A new deep learning model, VAULT-OCT, accurately predicts the postoperative vault of phakic Implantable Collamer Lenses (ICLs) using pre-operative OCT scans. This AI tool aids in precise ICL sizing and improves surgical outcomes.
Area of Science:
- Ophthalmology
- Medical Imaging
- Artificial Intelligence
Background:
- Phakic Implantable Collamer Lenses (ICLs) are used for refractive error correction.
- Accurate prediction of postoperative vault is crucial for ICL success.
- Pre-operative anterior segment optical coherence tomography (AS-OCT) is a key imaging modality.
Purpose of the Study:
- To develop and validate VAULT-OCT, a deep learning model for predicting postoperative ICL vault.
- To assess the accuracy of VAULT-OCT using pre-operative AS-OCT images.
- To determine the feasibility of using AS-OCT for ICL sizing decisions.
Main Methods:
- A retrospective study included 324 eyes from 162 patients undergoing ICL implantation.
- The VAULT-OCT neural network was trained on pre-operative AS-OCT images and postoperative vault measurements.
- Model performance was evaluated using Mean Absolute Error (MAE) and Root Mean Squared Error (RMSE).
Main Results:
- VAULT-OCT demonstrated high accuracy in predicting ICL vault across different lens sizes.

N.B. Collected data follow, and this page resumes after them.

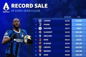 意甲各隊(duì)出售球員標(biāo)王排名(只選取各隊(duì)最高轉(zhuǎn)會(huì)費(fèi),每隊(duì)一人):
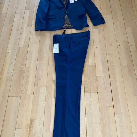 Superflot og helt klassisk mørkeblåt jakkesæt / habit fra J. Lindeberg. Str 48, hvilket svarer nogenlunde til str M. 100% virgin wool. Brugt to gange. Som nyt / helt perfekt stand.
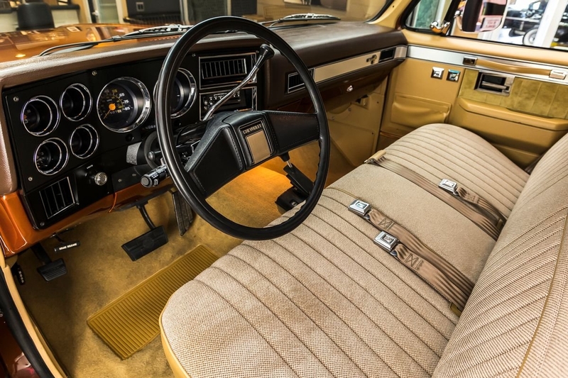 The interior of this '87 Silverado is beautiful and it's in pristine condition! Take a look inside to see this Chevy sporting Power Windows, Power Door Locks, Tilt Steering Column with a Column Shifter, 2-Spoke Steering Wheel, Bench Seating, Shoulder Seat Belts with a 3rd Passenger Lap Belt, Tan Cloth and Vinyl Upholstery, Tan Carpeting, Brushed Aluminum Trim, Stock Dashboard Gauges, Dashboard Clock (currently inoperative), along with an AM/FM Radio. The undercarriage of this Silverado looks incredible and it's overall condition is a testament to the high quality restoration! Take a look underneath to see the amazing condition of the Frame, Cab and Bed Floors, Dual Fuel Tanks and Fuel Lines, Brakes with Stainless Steel Brake Lines, Complete Drivetrain, Front and Rear Leaf Spring Suspension with Rough Country Shocks and Steering Stabilizers, along with the Dual Exhaust System that's fitted with Flowmaster FlowMonster Mufflers.
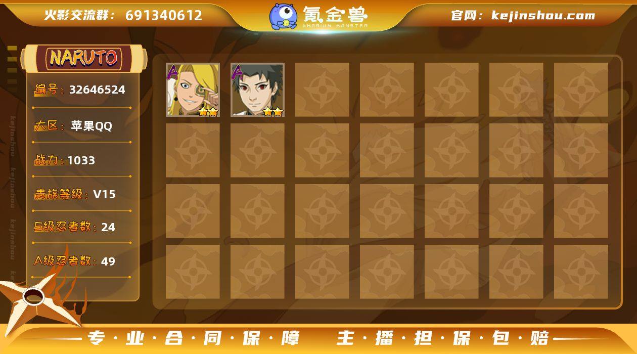 【939923】[17906914]V15 24S忍 49A忍 24通灵 1033.8W战力 可二次 可修改实名 【S级忍者】宇智波止水「须佐能乎」,艾「忍界大战」,大筒木桃式,宇智波斑「秽土转生·解」,千手柱间·木叶创立,宇智波佐助「永恒万花筒」,宇智波斑 「木叶创立」,自来也 「舞之豪杰」,旗木卡卡西「须佐能乎」,大筒木舍人 「最终章」,自来也 「传说中的三忍」,漩涡鸣人 「暴怒·第六尾」,宇智波斑「五影会谈」,漩涡鸣人·宇智波佐助,半藏「秽土转生」,千手扉间「秽土转生」,猿飞日斩「秽土转生」,鬼灯幻月「二代目水影」,宇智波斑,千手柱间,千手扉间,宇智波鼬 「须佐能乎」,佩恩「天道」,波风水门
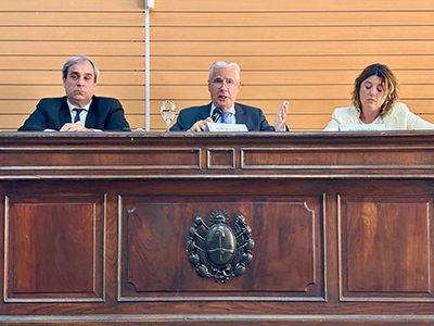 El Dr. Torres disertó sobre desarrollo sostenible y derecho ambiental, en una mesa en la que estuvo acompañado por el Presidente y la Vicepresidenta II de la Comisión de Funcionarios del Colegio de Magistrados y Funcionarios provincial (CMFBSAS), Norberto Gioia y Josefina Peláez, respectivamente.
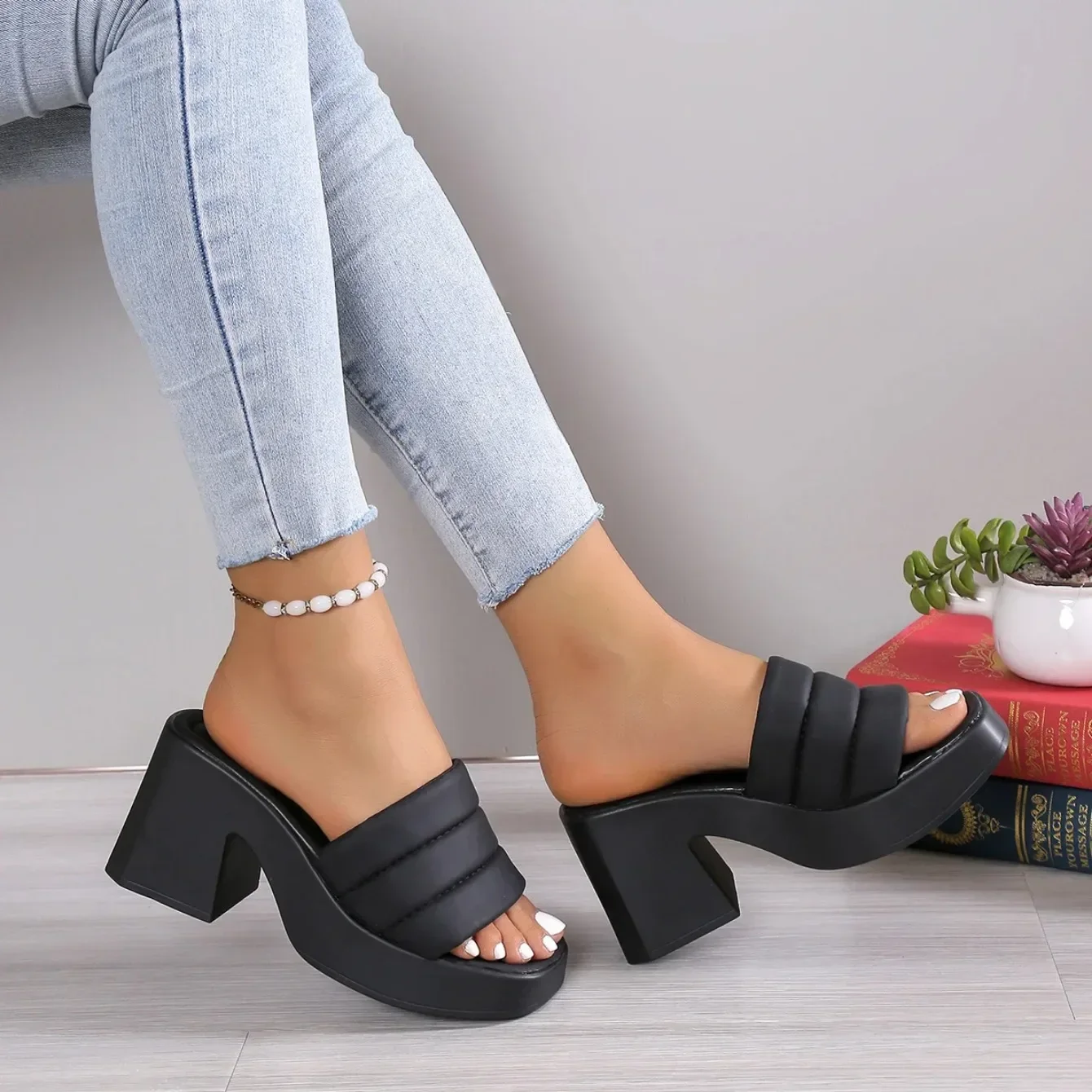 Que ce soit pour se détendre à la maison ou pour une visite improvisée, ces pantoufles sont idéales. Elles allient élégance et style décontracté, vous permettant de vous sentir à l’aise et séduisante.
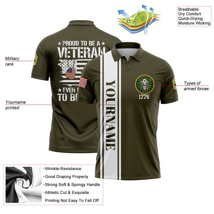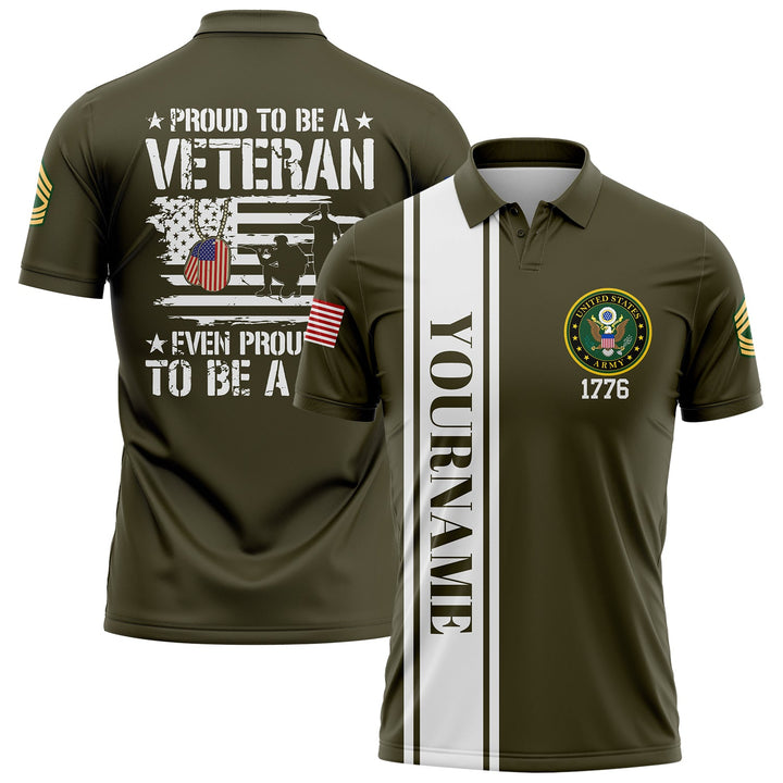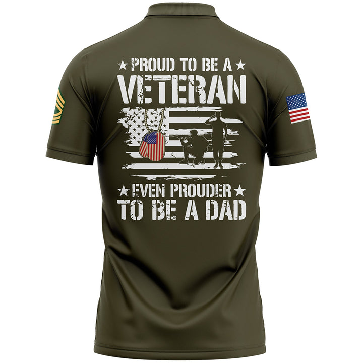 Custom Olive Proud To Be A Veteran Even Prouder To Be A Dad 1776 Flag U.S Army Military Rank Name Veterans Day Golf Polo Shirt | Father's Day Gifts

- Mean Absolute Error (MAE) ranged from 21.7 µm to 98.1 µm.
- A high percentage of predictions (89.1%–100%) fell within a clinically acceptable 200 µm margin.
Conclusions:
- The OCT-based deep learning model, VAULT-OCT, accurately predicts postoperative ICL vault.
- The model's performance suggests its feasibility for guiding ICL sizing decisions.
- This technology has the potential to enhance refractive surgery outcomes.